Pintu tidak Regina buka seluruhnya masih ada rantai yang menahan. Di depan pintu ada kardus miliknya yang ingin diambil tadi. Berada di dalam tangan seorang laki-laki yang memandangnya datar tanpa ekspresi. Rupanya bahu lebar itu semakin menarik jika dilihat dari depan. Juga sepasang mata teduh tapi dingin yang menatapnya sekarang.
Regina berdehem. "A-ku baru ingin mengambilnya," ucap Regina. "Tapi-"
Kalimat Regina terpotong karena kardus itu disodorkan ke dalam pelukannya begitu saja.
Tatapan Riyu diam di mata Regina.
Belum sempat Regina berterima kasih, Riyu sudah berlalu menuju pintu di sebelahnya. Regina melangkah ke luar dan mengatakan, "terima kasih."
Entah suaranya terdengar atau tidak karena pintu Riyu sudah tertutup. Wanita mabuk itu benar, jika Riyu seperti bongkahan es besar.
Regina melihat kardus di tangan. "Dari mana dia tahu ini milikku?"
Regina kembali masuk ke apartemennya. Menaruh kardus di atas sofa untuk membongkarnya besok saja. Ia mengambil cangkir untuk membuat teh hangat, cuaca di luar semakin dingin.
Saat sedang sibuk dengan teko air panas, sebuah suara menghentikan gerak Regina. Tubuhnya kaku, ia memasang telinga, ingin memastikan sekali lagi suara itu benar ada.
Lalu suara itu terdengar kembali. Berasal dari lemari bawah wastafel cuci piring. Barang-barang di dalamnya bergesekan satu sama lain. Menimbulkan suara berisik semakin nyaring. Regina langsung berlari ke ruang tamu.
Jika di rumah ibunya, akan datang orang lain yang berurusan dengan suara itu. Tangan Regina mencengkram pinggiran sofa. Tapi saat ini hanya ada Regina. Ia baru saja bertekad soal mandiri, dan tidak takut akan suara di malam hari.

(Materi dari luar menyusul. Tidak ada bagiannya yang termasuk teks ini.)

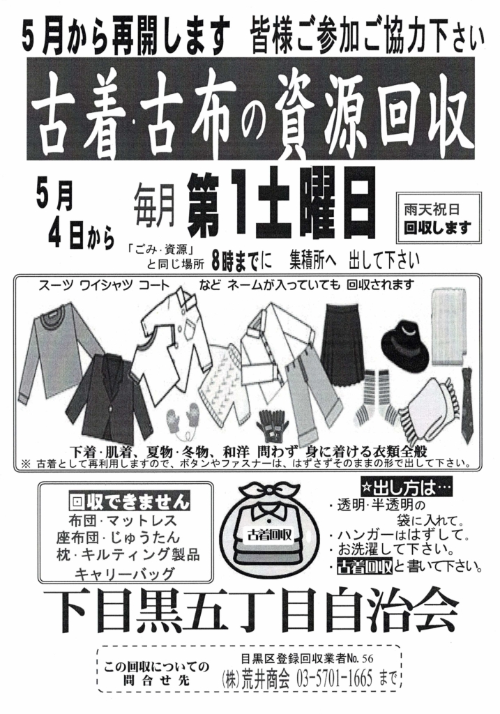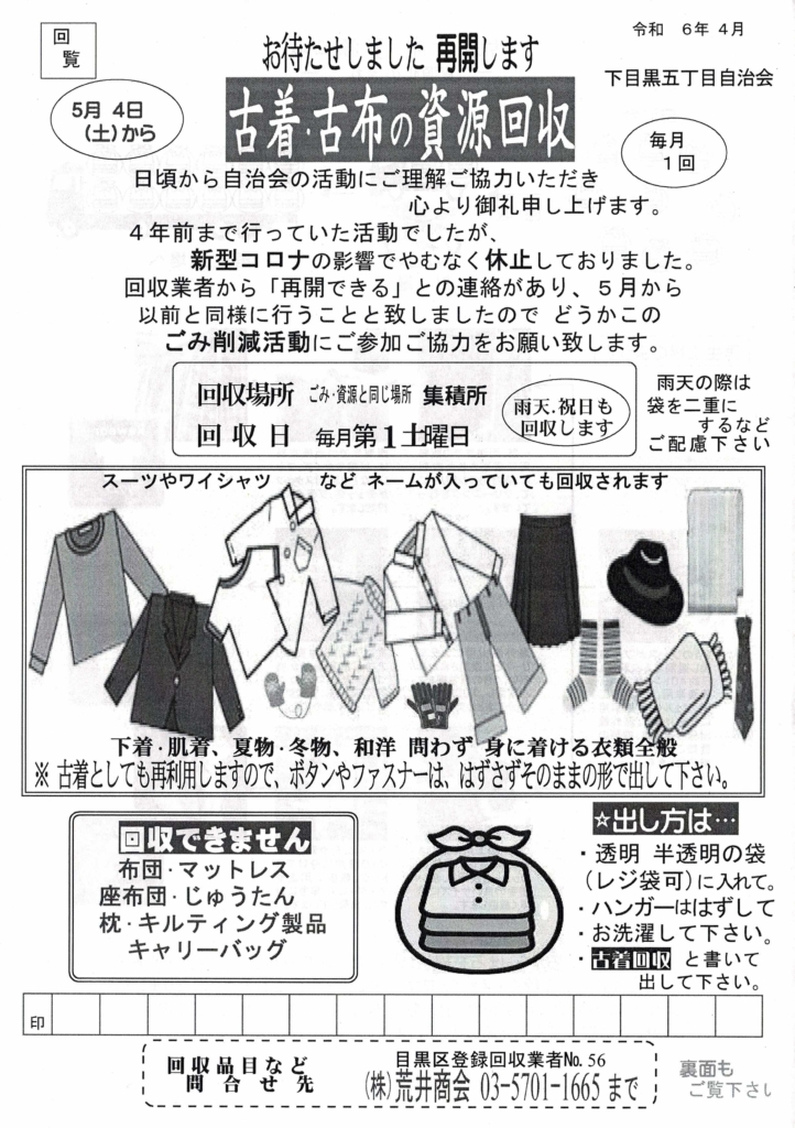 新型コロナの影響等により無期限休止としていた「古着古布の資源回収」を、2024年5月4日(土)より再開します。回収方法は、休止前と同様ではありますが、この数年間の間に下目黒5丁目に引っ越してきた方には、はじめてのことになりますので、以下のチラシをご覧頂き、毎月第1土曜日の回収日の朝8時までに、いつものごみ集積所へお出しください。

Ingin membuktikan jika dirinya bisa hidup sendirian adalah alasan yang membuat Regina melangkah lagi ke dapur. Napasnya tertahan saat mendekati lemari. Mengumpulkan keberanian untuk membukanya dengan ujung jari.
Namun di saat suara itu kembali terdengar, pertahanan regina langsung hancur dengan berteriak. Ia berlari ke luar. tidak tahu harus bagaimana, tapi yang dilakukannya adalah menggedor pintu di sebelah apartemennya.
"Cassandra... Sandra..." Regina berpeluh takut. "Aku butuh bantuanmu."
Pintu terbuka, bukan Cassandra melainkan Riyu. "Maaf aku tidak bermaksud mengganggu kalian. Bolehkan aku bertemu Cassandra?"
Riyu diam saja mendengarkan racau ketakutan Regina. Ia malah bersikap santai dengan menyandarkan bahunya pada pintu. Ia lalu melihat ke dalam apartemen dan mengembalikan tatapan pada Regina
"Aku memiliki sedikit masalah. Ada sesuatu di lemari dapurku. Aku rasa itu tikus."
"Maaf, aku mengganggu kalian." Sambungnya lagi, tapi ini benar-benar darurat membayangkan jika tikus itu berkeliaran saat ia tidur dan mungkin akan mengerayangi kaki. Regina kegelian hanya dengan membayangkan itu.
Riyu menutup pintu dengan dirinya berada di luar. Tanpa suara menuju pintu apartemen Regina.